Primary branch of Mandarin Chinese

Two Southwest Mandarin speakers, recorded in Richmond Hill, Canada.

Southwestern Mandarin (西南官话 (Xīnán Guānhuà)), also known as Upper Yangtze Mandarin (上江官话 (Shàngjiāng Guānhuà)), is a Mandarin Chinese dialect spoken in much of Southwestern China, including in Sichuan, Yunnan, Chongqing, Guizhou, most parts of Hubei, the northwestern part of Hunan, the northern part of Guangxi and some southern parts of Shaanxi and Gansu.

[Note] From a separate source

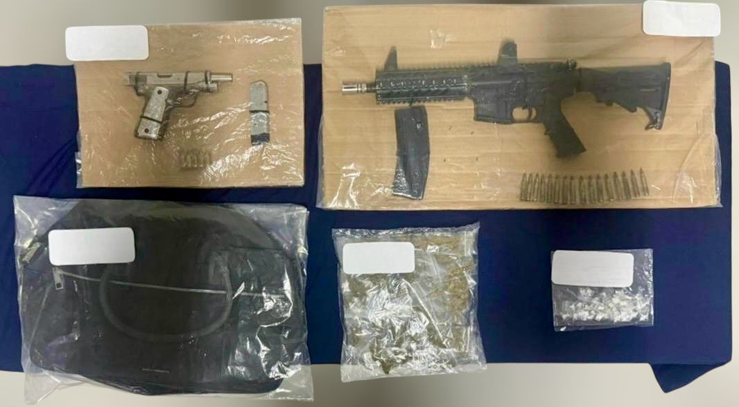 Entre lo asegurado destaca un rifle calibre .223 con 16 cartuchos. También una pistola calibre .45 con cinco municiones. Se confiscó una motocicleta sin placas y una maleta.

Southwestern Mandarin is spoken by roughly 260 million people. If considered a language distinct from central Mandarin, it would be the eighth-most spoken language by native speakers in the world, behind Mandarin itself, Spanish, English, Hindi, Portuguese, Arabic and Bengali.

==Overview==
Modern Southwestern Mandarin was formed by the waves of immigrants brought to the regions during the Ming and Qing Dynasties. Because of the comparatively recent move, such dialects show more similarity to modern Standard Mandarin than to other varieties of Chinese like Cantonese or Hokkien. For example, while like other Southern Chinese dialects, Southwestern Mandarin does not possess the distinction of retroflex consonants of Middle Chinese (/ʈ͡ʂ/ ⟨zh⟩, /ʈ͡ʂʰ/ ⟨ch⟩, /ʂ/ ⟨sh⟩, /ɻ/ ⟨r⟩) preserved in Standard Mandarin, most varieties of it also fail to retain the checked tone that many southern dialects have. The Chengdu-Chongqing and Hubei dialects are believed to reflect aspects of the Mandarin lingua franca that was spoken during the Ming. However, some scholars believe its origins may be more similar to Lower Yangtze Mandarin. Though part of the Mandarin group, Southwestern Mandarin has many striking and pronounced differences with Standard Mandarin such that until 1955, it was generally categorized alongside Cantonese and Wu Chinese as a branch of other Chinese varieties.

Southwestern Mandarin is also used between different ethnic minorities in Yunnan, Guizhou, and Guangxi.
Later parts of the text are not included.